Battery Recycling
Batteries are collected every two weeks on recycle day at the kerbside from on top of your black box and usually tipped into a side pod on the freighter (some are contained elsewhere). When the freighter returns to the depot they are bulked up to await collection.
How to Recycle Batteries
Many batteries can be recycled, these are shown on the back of the bag that was issued to you.
We suggest that you store your button batteries separately from your AA batteries, however on collection day pop them in the bag together and put them out for collection.
After placing your batteries in the bag please seal it by pulling off the tear off strip and folding down the flap, and then place it on top of your paper and card recycling.
What happens next?
Batteryback collect the batteries which are then sent to one of two sites in Belgium where the company REVATECH S.A. recycles them. Revatech as a company recovers and disposes of some 155,000 tonnes of dangerous and non-dangerous industrial waste annually, by mechanical, biological and physico-chemical processes.
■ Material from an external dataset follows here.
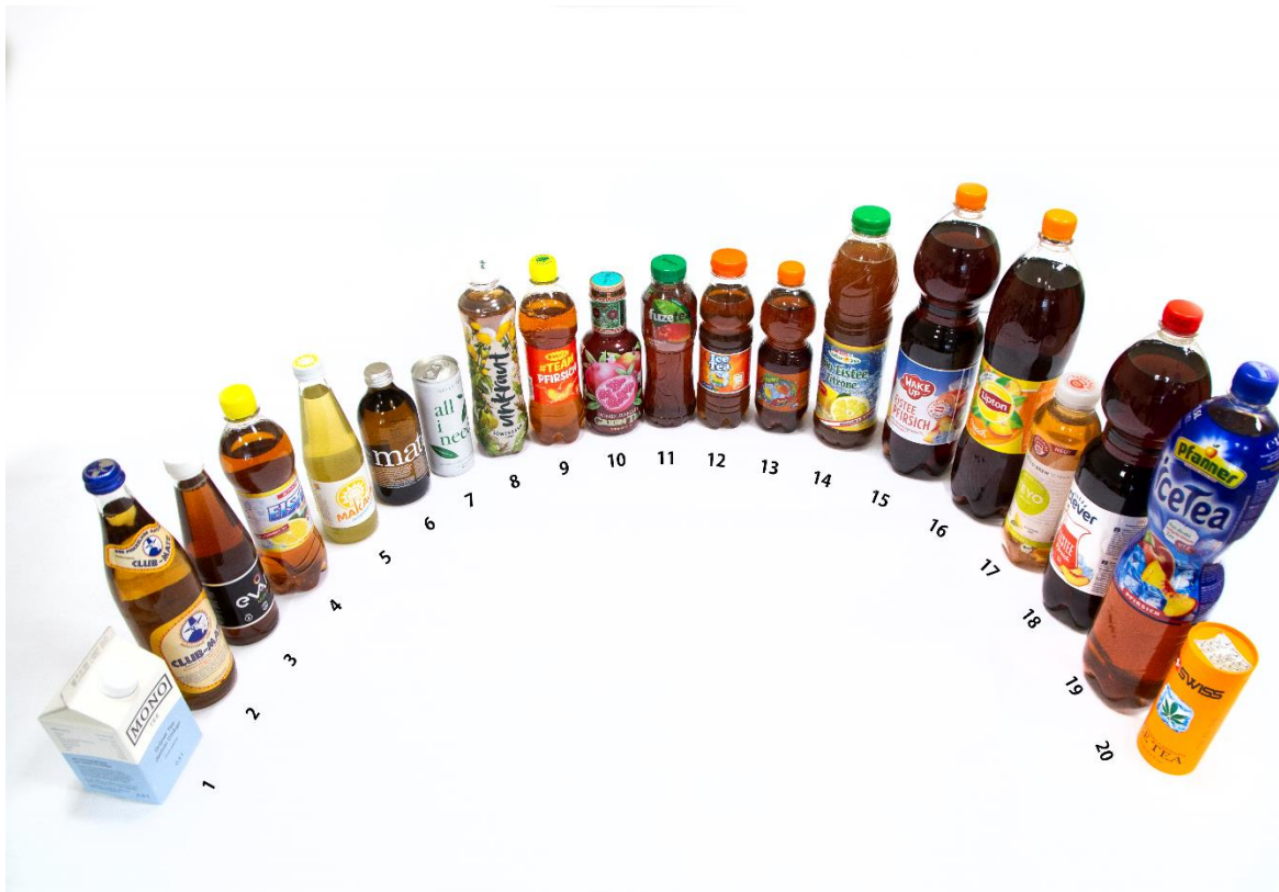
Abbildung 5: Produktnummern

REVABAT® is a wet recycling process for alkaline and zinc-carbon batteries. This process, developed by REVATECH, is used to recycle the magnetic (steel) and non-magnetic (zinc and brass) metal fractions, recycle the different components of the "black mass" (zinc, carbon and manganese), and reprocess the plastics. The overall recycling rate is at least 55% of the gross weight of the batteries treated, and is well within the norms contemplated by the European Commission.
The chart below shows the simplistic method of the process followed to recycle as much as possible.
You can find Batteryback in many supermarkets
It is important to recycle batteries as careless disposal of batteries is hazardous to the environment. The toxic substances can seep into the water supply causing serious health problems.